*Work task*
Output the listing word for word, minus images.

*Data*
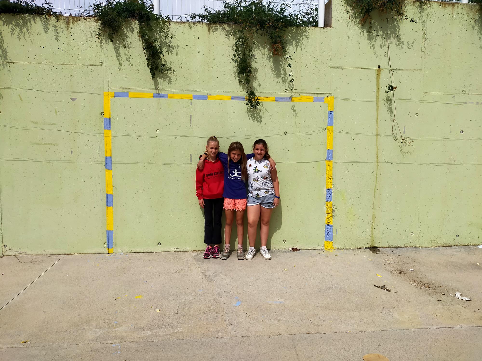 ♥ L’Ariadna, la Carla i l’Arés han aconseguit pintar una porteria a una paret del pati de l’escola!
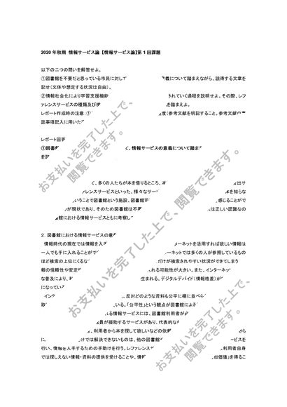 2020年秋期 情報サービス論 【情報サービス論】第1回課題
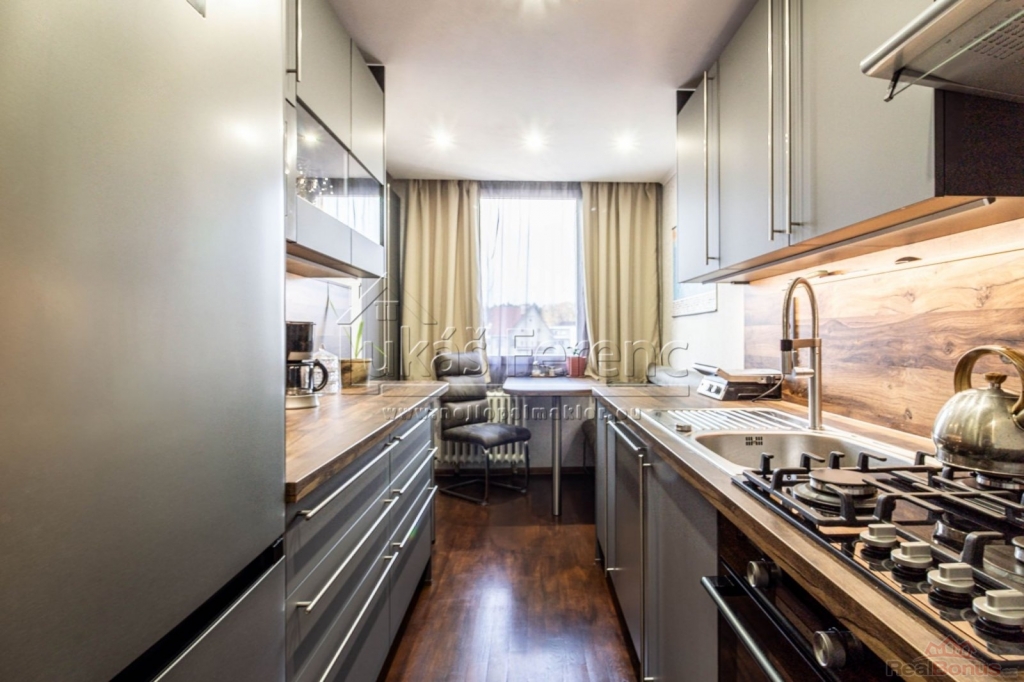 Byt zaujme praktickou dispozicí i vysokým standardem vybavení. Je připojený k zabezpečovacímu systému Jablotron, přístup do bytu vede přes uzamykatelnou chodbu oddělenou od výtahů a schodiště. Kuchyňská linka na míru v hodnotě 260 000 Kč byla instalována před 2 měsíci a je vybavena vestavnými spotřebiči (myčka, plynový sporák, elektrická trouba, digestoř, lednice s mrazákem). V bytě jsou snížené stropy s bodovými světly, v ložnici i pokoji v horním patře lesklé stropní panely. V předsíni i pokojích jsou prostorné vestavěné skříně a další úložný prostor nad schodištěm.
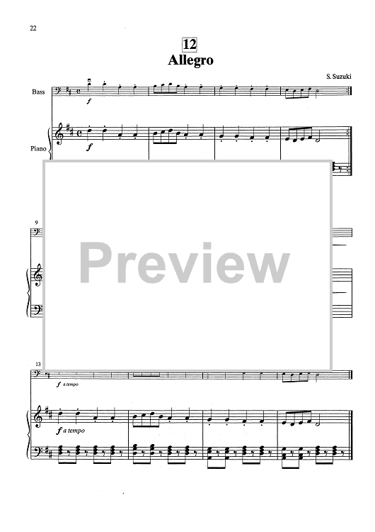 "Suzuki Bass School, Volume 1 - Piano Accompaniment" Sheet Music by Shinichi Suzuki

*Expected output*
 ♥ L’Ariadna, la Carla i l’Arés han aconseguit pintar una porteria a una paret del pati de l’escola!
 2020年秋期 情報サービス論 【情報サービス論】第1回課題
 Byt zaujme praktickou dispozicí i vysokým standardem vybavení. Je připojený k zabezpečovacímu systému Jablotron, přístup do bytu vede přes uzamykatelnou chodbu oddělenou od výtahů a schodiště. Kuchyňská linka na míru v hodnotě 260 000 Kč byla instalována před 2 měsíci a je vybavena vestavnými spotřebiči (myčka, plynový sporák, elektrická trouba, digestoř, lednice s mrazákem). V bytě jsou snížené stropy s bodovými světly, v ložnici i pokoji v horním patře lesklé stropní panely. V předsíni i pokojích jsou prostorné vestavěné skříně a další úložný prostor nad schodištěm.
 "Suzuki Bass School, Volume 1 - Piano Accompaniment" Sheet Music by Shinichi Suzuki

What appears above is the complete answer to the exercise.